> HOW TO COMPLETE THIS TASK
An exact reprint of every record below is required, with the pictures left out.

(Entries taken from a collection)
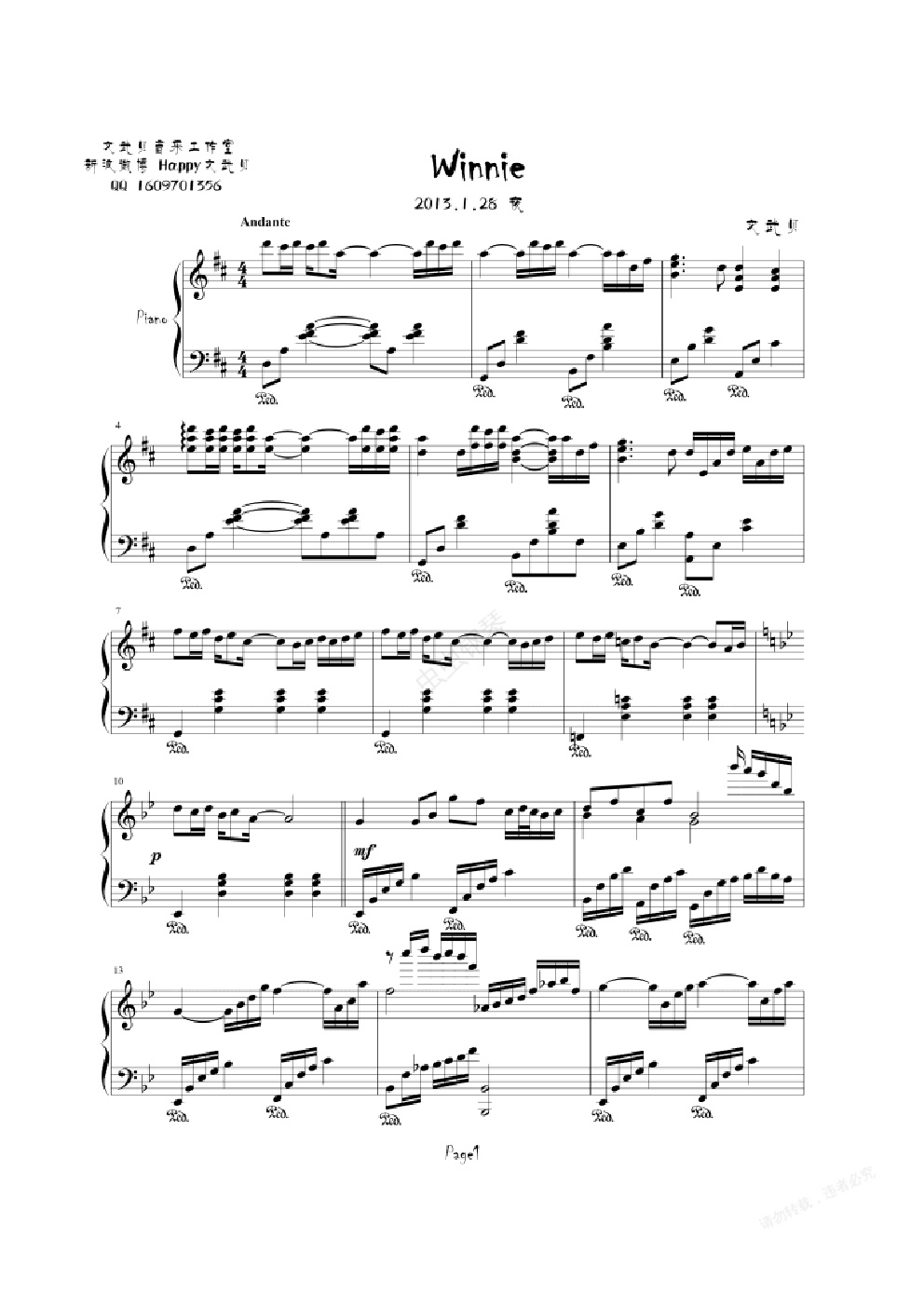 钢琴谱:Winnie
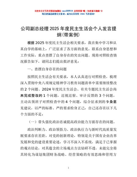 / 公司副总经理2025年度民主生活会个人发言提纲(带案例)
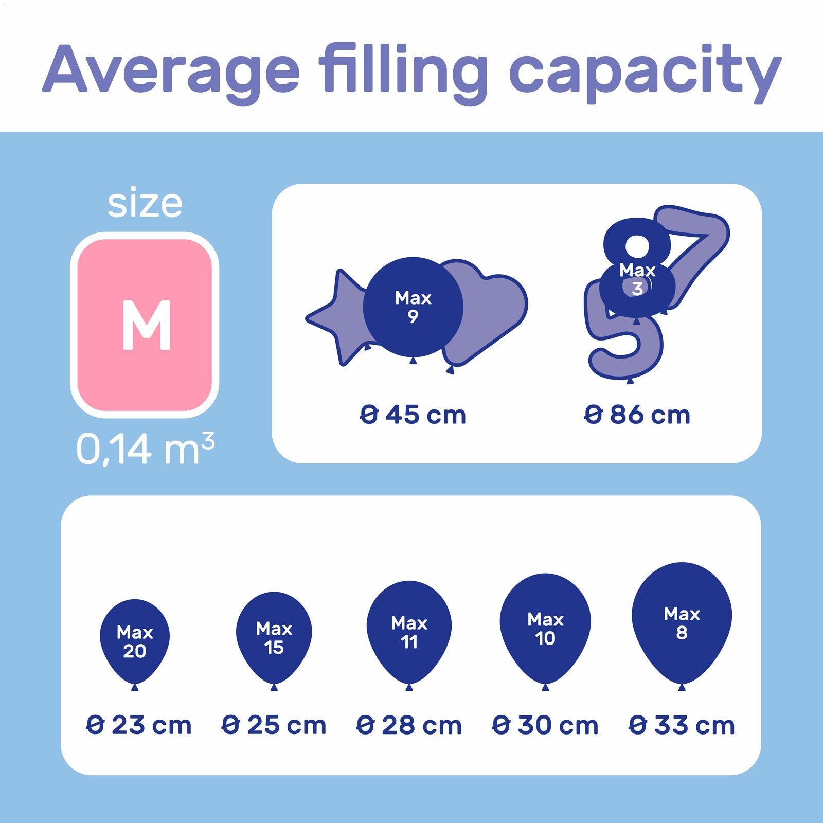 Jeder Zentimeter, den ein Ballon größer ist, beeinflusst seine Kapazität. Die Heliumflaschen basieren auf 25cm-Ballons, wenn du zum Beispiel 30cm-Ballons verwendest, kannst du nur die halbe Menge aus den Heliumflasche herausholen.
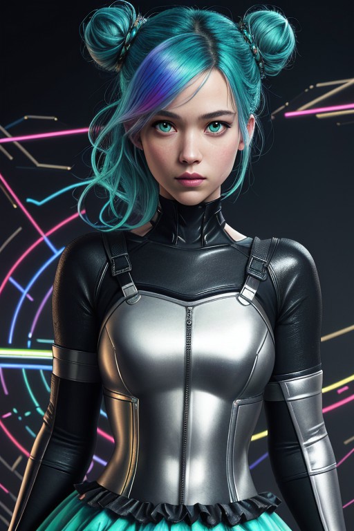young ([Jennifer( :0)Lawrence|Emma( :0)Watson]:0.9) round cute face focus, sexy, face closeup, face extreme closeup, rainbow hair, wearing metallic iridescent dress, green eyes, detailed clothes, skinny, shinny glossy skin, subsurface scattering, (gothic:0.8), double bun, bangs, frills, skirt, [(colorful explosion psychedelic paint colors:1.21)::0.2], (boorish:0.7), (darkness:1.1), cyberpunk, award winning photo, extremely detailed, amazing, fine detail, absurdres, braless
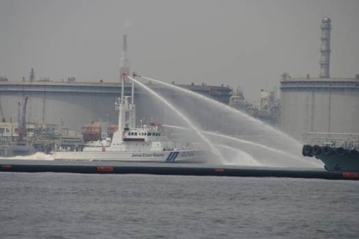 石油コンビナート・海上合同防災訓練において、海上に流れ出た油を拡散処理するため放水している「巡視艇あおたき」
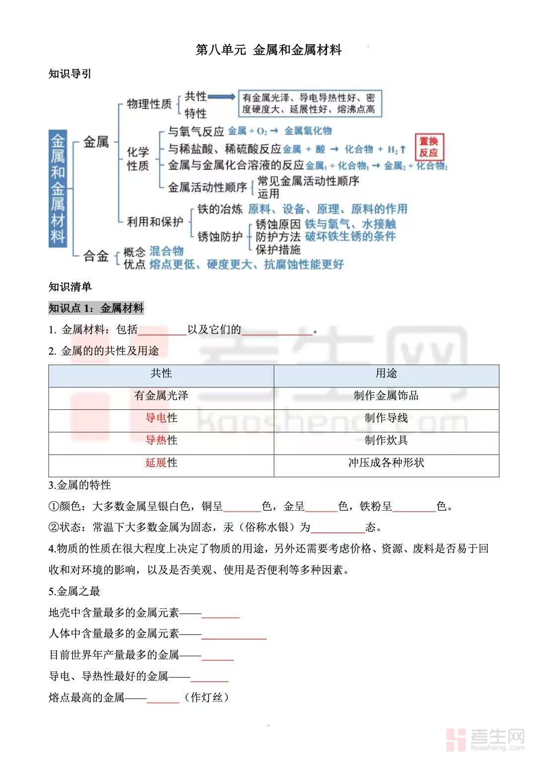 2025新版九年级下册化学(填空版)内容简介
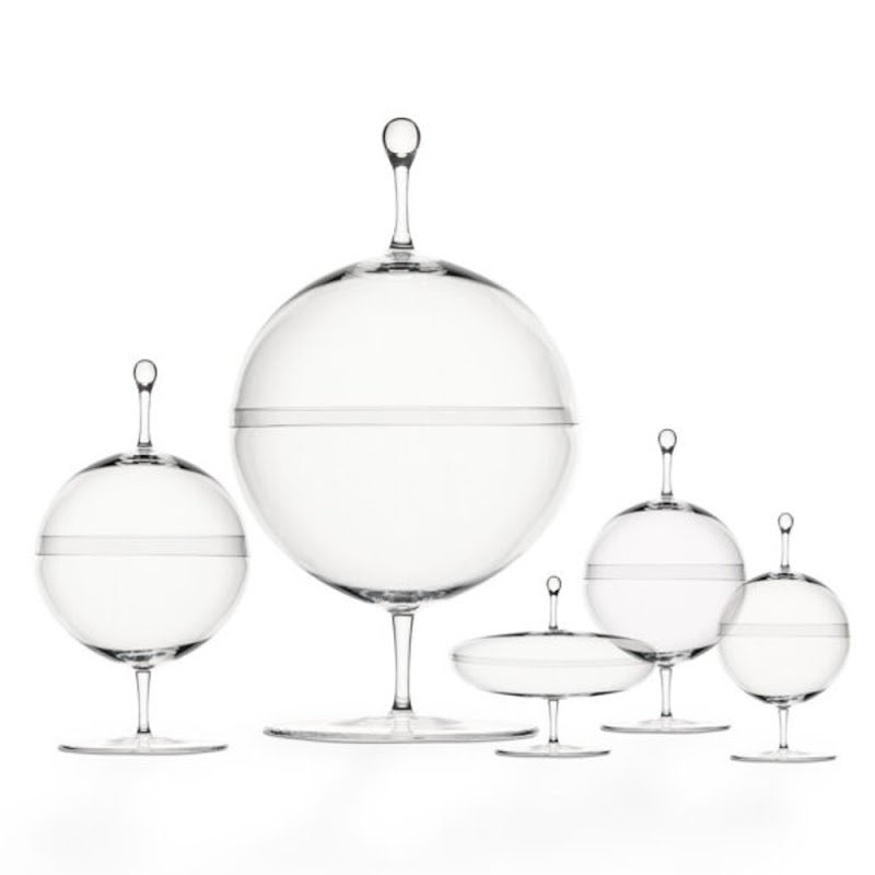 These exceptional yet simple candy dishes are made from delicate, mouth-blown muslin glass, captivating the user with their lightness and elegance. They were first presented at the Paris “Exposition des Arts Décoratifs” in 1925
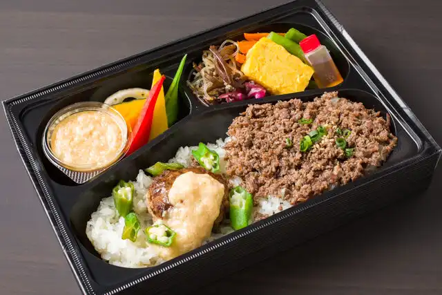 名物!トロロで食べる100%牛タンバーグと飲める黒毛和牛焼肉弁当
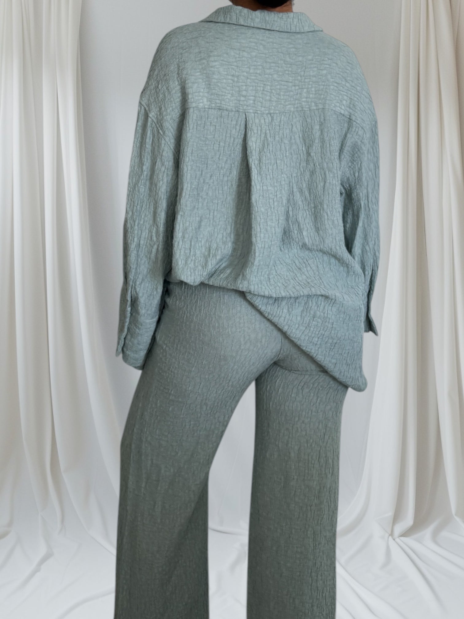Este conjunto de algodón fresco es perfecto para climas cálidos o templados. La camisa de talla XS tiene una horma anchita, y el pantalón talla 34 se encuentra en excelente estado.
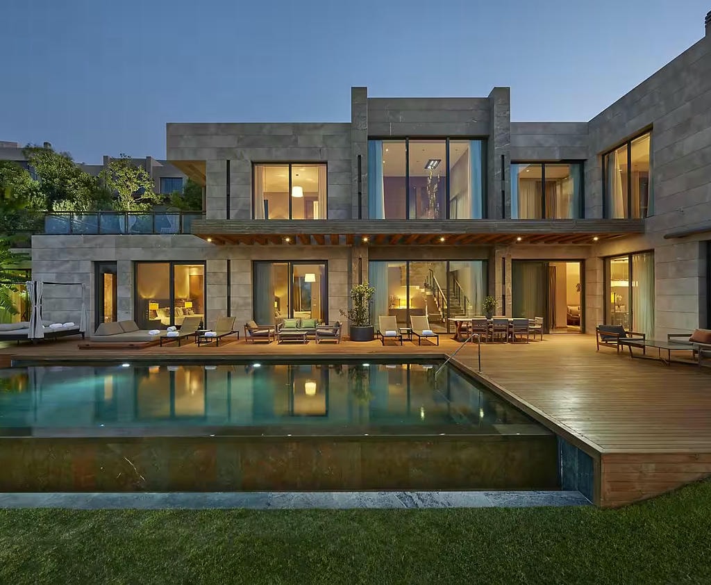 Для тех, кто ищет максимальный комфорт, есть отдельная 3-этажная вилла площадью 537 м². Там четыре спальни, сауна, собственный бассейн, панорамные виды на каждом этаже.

> EXERCISE OUTPUT
 钢琴谱:Winnie
 / 公司副总经理2025年度民主生活会个人发言提纲(带案例)
 Jeder Zentimeter, den ein Ballon größer ist, beeinflusst seine Kapazität. Die Heliumflaschen basieren auf 25cm-Ballons, wenn du zum Beispiel 30cm-Ballons verwendest, kannst du nur die halbe Menge aus den Heliumflasche herausholen.
young ([Jennifer( :0)Lawrence|Emma( :0)Watson]:0.9) round cute face focus, sexy, face closeup, face extreme closeup, rainbow hair, wearing metallic iridescent dress, green eyes, detailed clothes, skinny, shinny glossy skin, subsurface scattering, (gothic:0.8), double bun, bangs, frills, skirt, [(colorful explosion psychedelic paint colors:1.21)::0.2], (boorish:0.7), (darkness:1.1), cyberpunk, award winning photo, extremely detailed, amazing, fine detail, absurdres, braless
 石油コンビナート・海上合同防災訓練において、海上に流れ出た油を拡散処理するため放水している「巡視艇あおたき」
 2025新版九年级下册化学(填空版)内容简介
 These exceptional yet simple candy dishes are made from delicate, mouth-blown muslin glass, captivating the user with their lightness and elegance. They were first presented at the Paris “Exposition des Arts Décoratifs” in 1925
 名物!トロロで食べる100%牛タンバーグと飲める黒毛和牛焼肉弁当
Este conjunto de algodón fresco es perfecto para climas cálidos o templados. La camisa de talla XS tiene una horma anchita, y el pantalón talla 34 se encuentra en excelente estado.
 Для тех, кто ищет максимальный комфорт, есть отдельная 3-этажная вилла площадью 537 м². Там четыре спальни, сауна, собственный бассейн, панорамные виды на каждом этаже.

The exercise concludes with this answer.